However, all these trees suffered in ability to gen eralize to novel kinases. the P2kin for various descriptions ranging only 0. 30 0. 43. Distribution of prediction errors in SVM, PLS and k NN models The performance of the SVM, PLS, and k NN models exploiting z scale descriptors of aligned sellectchem sequences is further illus trated in Figure 3. The figure presents histograms for the prediction errors calculated in the outer loop of cross validation for 1 5 of the kinases that had been entirely excluded from the modelling. The distributions of errors in the SVM Inhibitors,Modulators,Libraries and PLS models are very similar.

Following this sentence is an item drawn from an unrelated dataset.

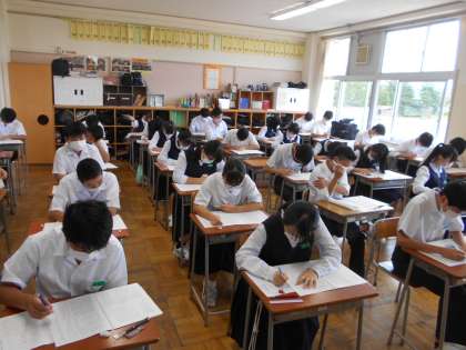 3年実力テスト 公開日 2021/09/17 更新日 2021/09/17 山室中学校のページ 9月17日(金) ラスト1時間になりました。最後まで気を抜かずに頑張りましょう! 写真上:3−4 写真下:3−5

The cumulative plot demonstrates that in the SVM model the difference between predicted and observed pKd values range 0 0. 25 logarithmic units for 57% of the kinase inhibitor combi nations.
for Inhibitors,Modulators,Libraries 75% of the combinations they fall below 0. 5 logarithmic units. for 89% they are less than one logarith mic units, and for 99% less than two logarithmic units. The corresponding fractions in the PLS model are 49%, 70%, 88%, and 98%. To interpret these results one should keep in mind that the total span of kinase inhibitor activ ities exceeded five Inhibitors,Modulators,Libraries logarithmic units, namely from pKd 5 to 10. 62, and all non interacting entities were assigned the numerical value pKd 4. hence mispredictions by more than six units could be theoretically possible. For the k NN model the pattern of error distribution is quite different. Here the prediction error was zero for more than one half of the non interact ing pairs.
However, 14% of the prediction errors exceed one logarithmic unit and 4% exceed two logarithmic units, thus indicating that predictions of the k NN model Inhibitors,Modulators,Libraries are less accurate compared to those obtained by SVM and Inhibitors,Modulators,Libraries PLS. In other words, activities for inhibitors interacting with overall quite similar kinases may vary a lot and regression models can better explain this than the nearest neighbour approach. Dependence of modelling performance on the size of the dataset Although both SVM, PLS, and k NN models showed good predictive ability they were based on more than 12,000 data points. It would thus be of obvious interest to know the robustness of the proteochemometric approach when less data are available. We therefore assessed the relationship between the sparseness of the data matrix used and the performance of the model. To this end we created models using 60, 40, 20, and 10 percent of all data.
For example, when 10% of the data was used to cal culate the P2kin value, the set of 317 kinases was randomly split into ten partitions of about equal size. Modelling was then performed using only one of these partitions at a time and the selleckchem Sorafenib nine remaining partitions were used to evaluate the model obtained. The procedure of splitting the dataset was iterated ten times in order to assure reproducibility of the results.